Problem requirements: Without the pictures, retype exactly the lines from the top of the entries below through the line that contains "wanted to drop".

Items from a data source:
★ ★ ★
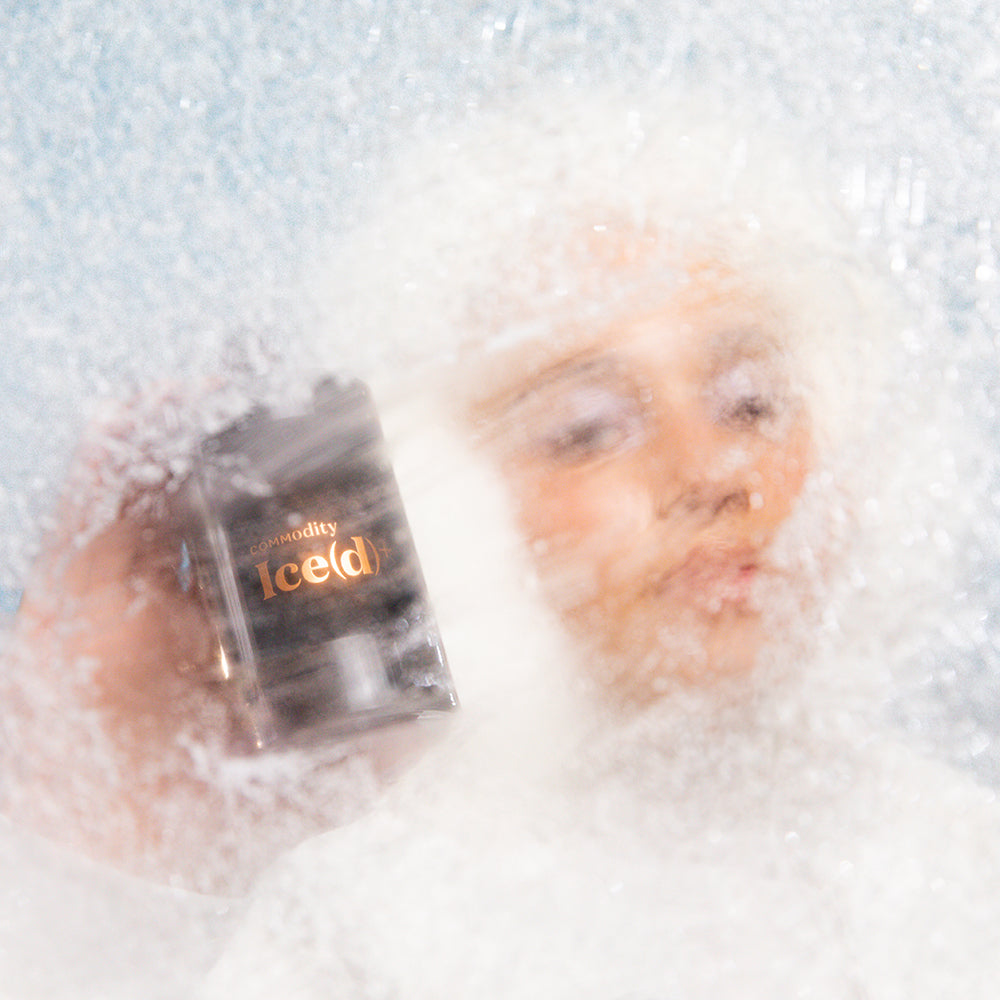 "Ice(d)+ Bold takes the concept of contrast to new heights. With a striking opening, it commands attention from the first spritz. The heart reveals a daring blend of Cardamom and Rose, creating a rich tapestry of spice and floral elegance. The sweet finish of Tonka Bean and Amber amplifies its presence, making Bold an unforgettable statement. If Expressive is the dynamic pioneer, Bold is the striking presence that echoes with self-assurance." —Caroline Sabas
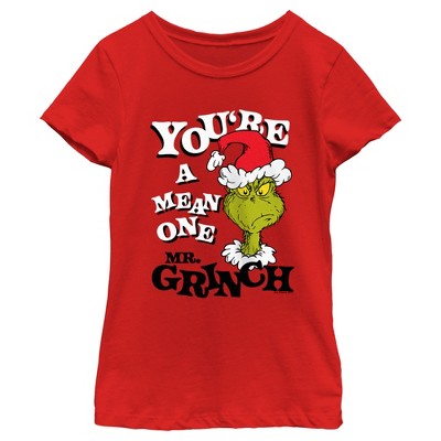 Girl's Dr. Seuss Christmas Grinch You're a Mean One Portrait T-Shirt
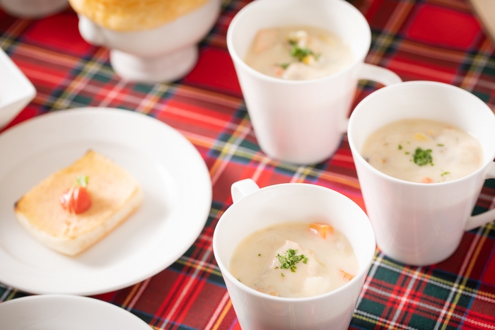 【温製】スペシャルツリー(手羽先 / ナゲット / イカリング / プチトマト) / サーモンと白菜のクラムチャウダー サワークリームオニオンのフレーバー / マッシュルームとトリュフのパイ包みスープ / 熱々ライスコロッケと生ハムのコンビネーション / チーズたっぷり牛頬入りボロネーゼのグラタン / あらびきソーセージとジェノベーゼのショーソン / インカの目覚めと明太子のスモーブロー 韓国海苔の香り / ベーコンとコーンの具だくさんキッシュ / 鶏の唐揚げと彩野菜のフリット 黒酢風味 / ローストビーフ丼 たまり醤油のソース
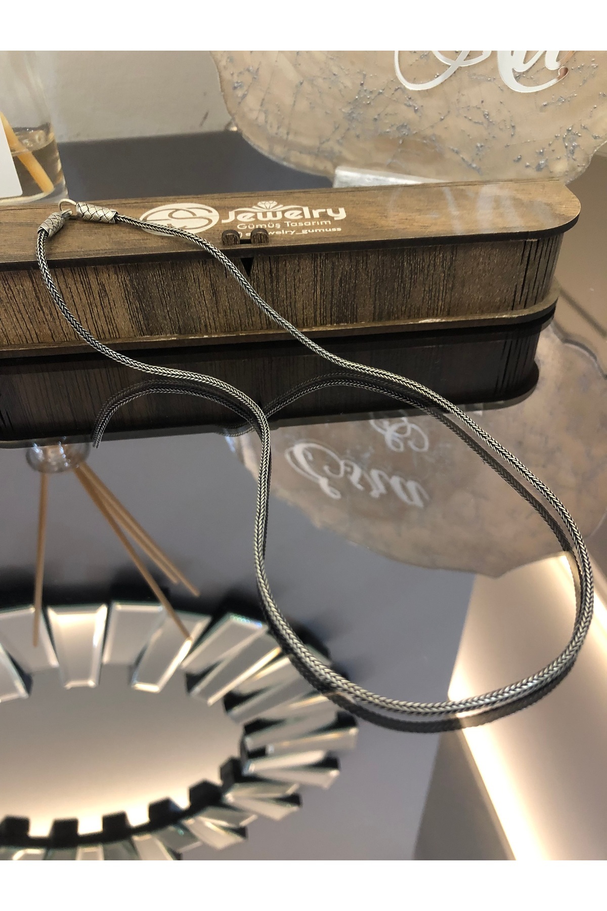 Gümüş Kazaziye Örme Düz Zincir Ince Kolye Gümüş Kazaziye Örme Düz Zincir Ince Kolye ZIN0043TE 65 cm
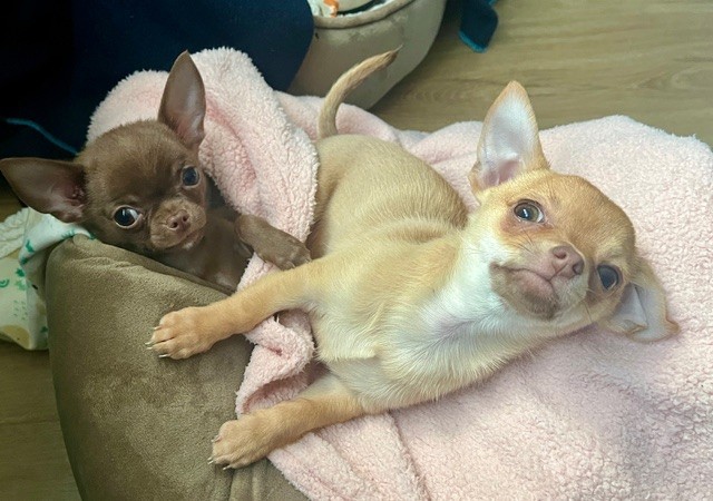 "Just wanted to drop you a message to say hello and let you know that our little Chihuahua pups are doing amazingly well!! Thankyou for everything back in December, including all the updates, contact and professional service you provided. Bailey and Henry are now six months old and are really gaining weight, more so than size haha!! They are so playful, their personalities clearly coming out now too. I have attached a few photos for you and would be grateful if you could let Katie and Helen know they are settling in very well. Thankyou again"
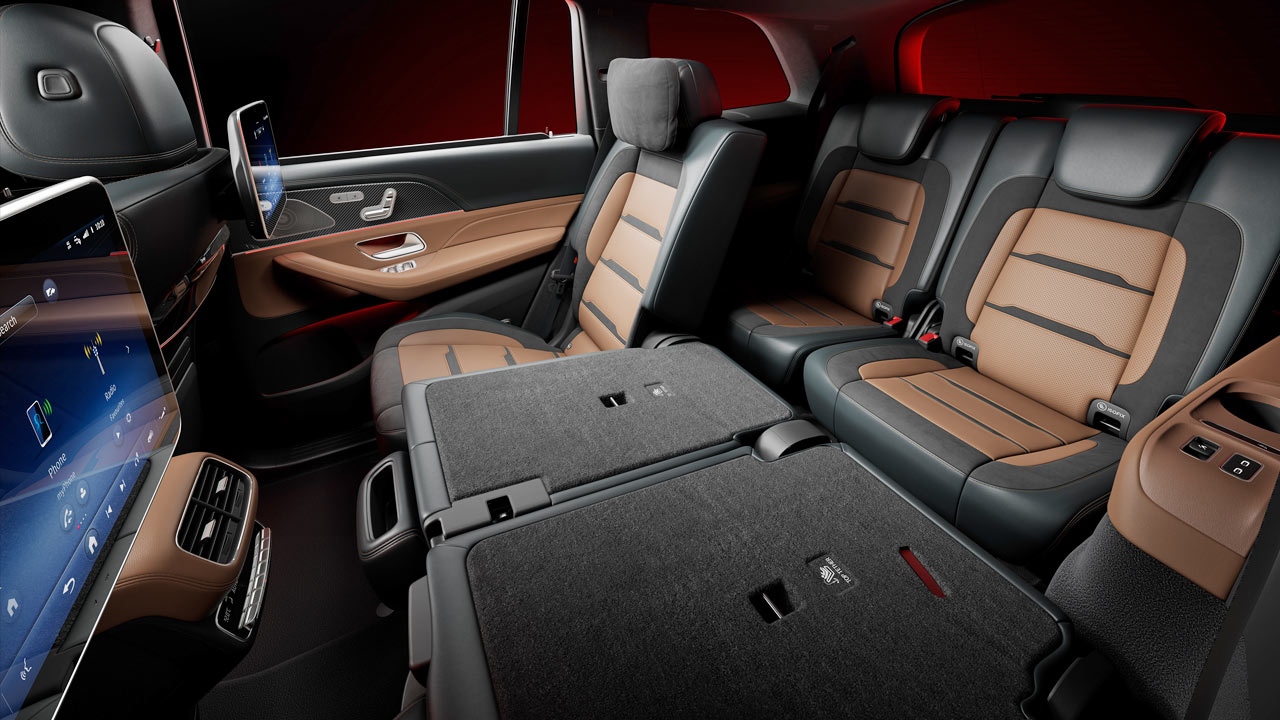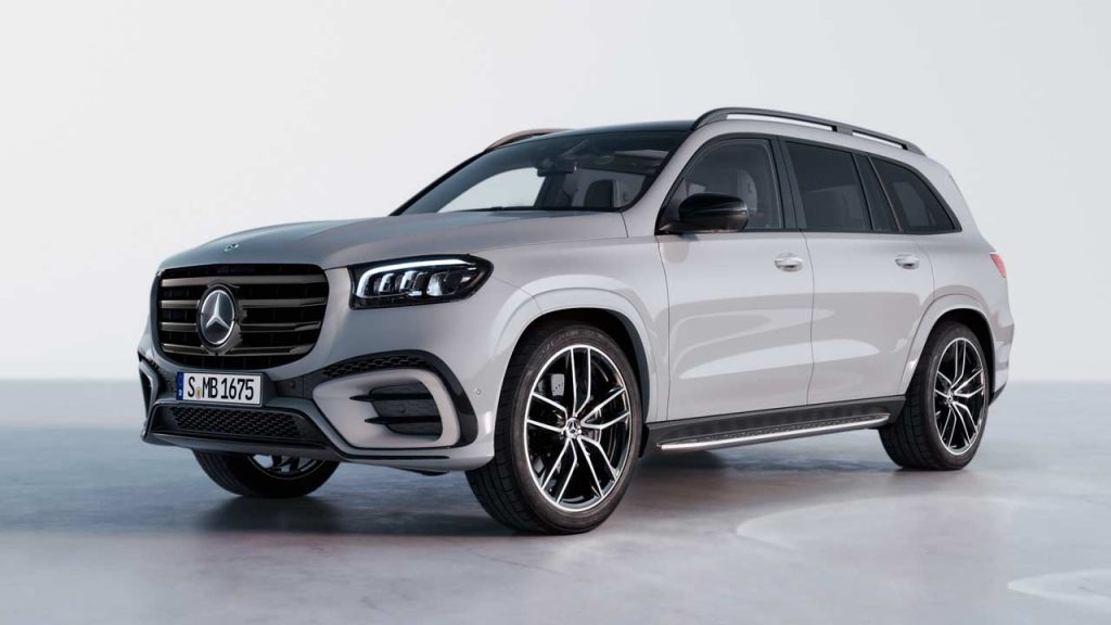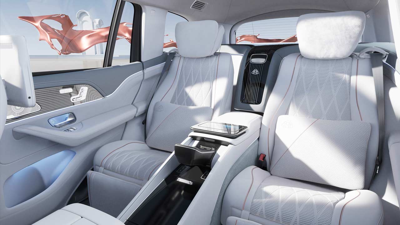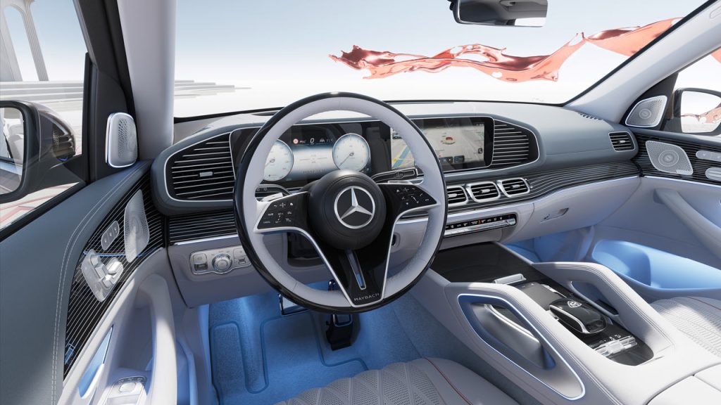 Inside, there’s an updated version of the MBUX software, of course. It offers three themes for the displays: Classic, Sporty, Discreet, and three modes: Navigation, Assistance, Service. As for materials, two new leather colors have been added. The range of interior trim finishes has also been revised. Glossy brown lime wood is now standard. The glossy black flowing lines piano lacquer—which was previously reserved for the Maybach GLS—is now available for the entire GLS lineup. The Maybach GLS now gets ambient lighting with animated projection of the Mercedes‑Maybach pattern as standard. This model also now features diamond-pattern quilting with perforations on the seat centre sections and backrests.
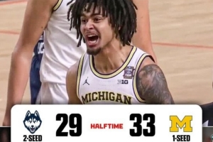 瘋?cè)龥Q賽上半場(chǎng):密歇根三分8中0 仍33-29領(lǐng)先康涅狄格
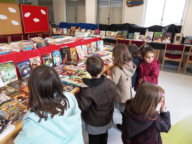 O Jardim de Infância do Granho veio visitar a "FEIRA do LIVRO" : |
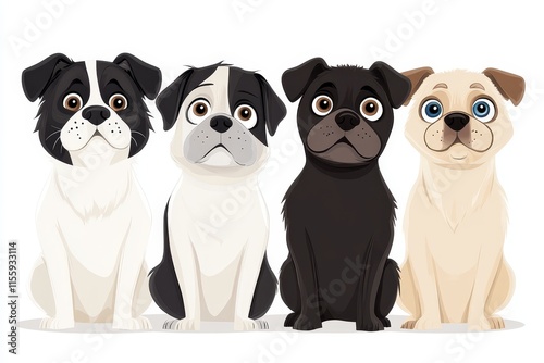 © Janis, Naklejka premium A group of four dogs sitting next to each other
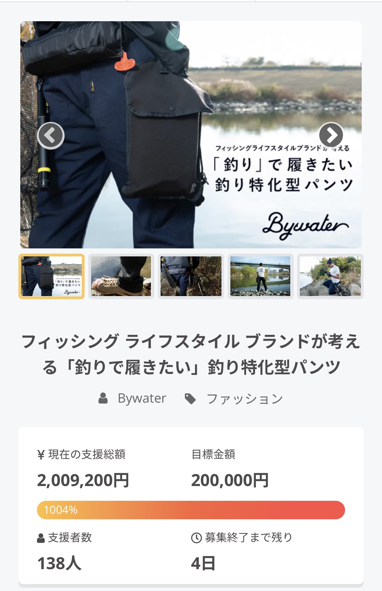 この度は「Bywater」の1stプロダクトである、フィッシング ライフスタイル ブランドが考える「釣りで履きたい」釣り特化型パンツ「Fisherman’s Workpants|HASU」およびオプション「Hanging Bag|KOBANZAME」にご支援いただき、ありがとうございます。最終的に「目標1154%」「2,308,800円」「159人」もの、たくさんのご支援をいただきました。MakuakeとCAMPFIREを合わせますと「8,614,420円」「583人」ものたくさんのご支援となりました。あらためて、ご支援ありがとうございました。心よりお礼申し上げます。本日出荷予定分のリターンにつきまして、予定通り出荷ができましたが、2点ご説明差し上げないといけない点がございます。(1)ヤマト運輸の伝票の電話番号の先頭の「0(ゼロ)」が抜けております。(手書き対応済み)住所データ変換時に電話番号の先頭の「0(ゼロ)」が抜けてしまったことに気づかずに伝票発行を行なってしまい、再変換して再発行すると本日の出荷ができず明日の出荷になってしまう可能性も考えられたことから、「手書き対応」を行いました。そのため、メールやLINEなどのヤマト運輸からの荷物の通知サービスをご利用されている場合でも、通知がない可能性がございます。大変申し訳ございませんが、ご理解賜りますよう、お願いいたします。(2)ヤマト運輸の伝票「備考欄」の表記について「Fisherman’s Workpants|HASU」と「Hanging Bag|KOBANZAME」の「両方」をご支援いただきました方のヤマト運輸の「備考欄」の表記が「Hanging Bag|KOBANZAME」となっている場合がございます。「Fisherman’s Workpants|HASU」がメインのアイテムであり、ピンとこない方もおられるかと思いますので、お伝えいたします。なお、送り主は「Bywater」になっておりますので、よろしくお願いいたします。次の出荷に関しましては、6/3の出荷を予定しております。リターンの到着まで、今しばらくお待ちくださいませ。Bywater
★ ★ ★
Written solution:
 "Ice(d)+ Bold takes the concept of contrast to new heights. With a striking opening, it commands attention from the first spritz. The heart reveals a daring blend of Cardamom and Rose, creating a rich tapestry of spice and floral elegance. The sweet finish of Tonka Bean and Amber amplifies its presence, making Bold an unforgettable statement. If Expressive is the dynamic pioneer, Bold is the striking presence that echoes with self-assurance." —Caroline Sabas
 Girl's Dr. Seuss Christmas Grinch You're a Mean One Portrait T-Shirt
 【温製】スペシャルツリー(手羽先 / ナゲット / イカリング / プチトマト) / サーモンと白菜のクラムチャウダー サワークリームオニオンのフレーバー / マッシュルームとトリュフのパイ包みスープ / 熱々ライスコロッケと生ハムのコンビネーション / チーズたっぷり牛頬入りボロネーゼのグラタン / あらびきソーセージとジェノベーゼのショーソン / インカの目覚めと明太子のスモーブロー 韓国海苔の香り / ベーコンとコーンの具だくさんキッシュ / 鶏の唐揚げと彩野菜のフリット 黒酢風味 / ローストビーフ丼 たまり醤油のソース
 Gümüş Kazaziye Örme Düz Zincir Ince Kolye Gümüş Kazaziye Örme Düz Zincir Ince Kolye ZIN0043TE 65 cm
 "Just wanted to drop you a message to say hello and let you know that our little Chihuahua pups are doing amazingly well!! Thankyou for everything back in December, including all the updates, contact and professional service you provided. Bailey and Henry are now six months old and are really gaining weight, more so than size haha!! They are so playful, their personalities clearly coming out now too. I have attached a few photos for you and would be grateful if you could let Katie and Helen know they are settling in very well. Thankyou again"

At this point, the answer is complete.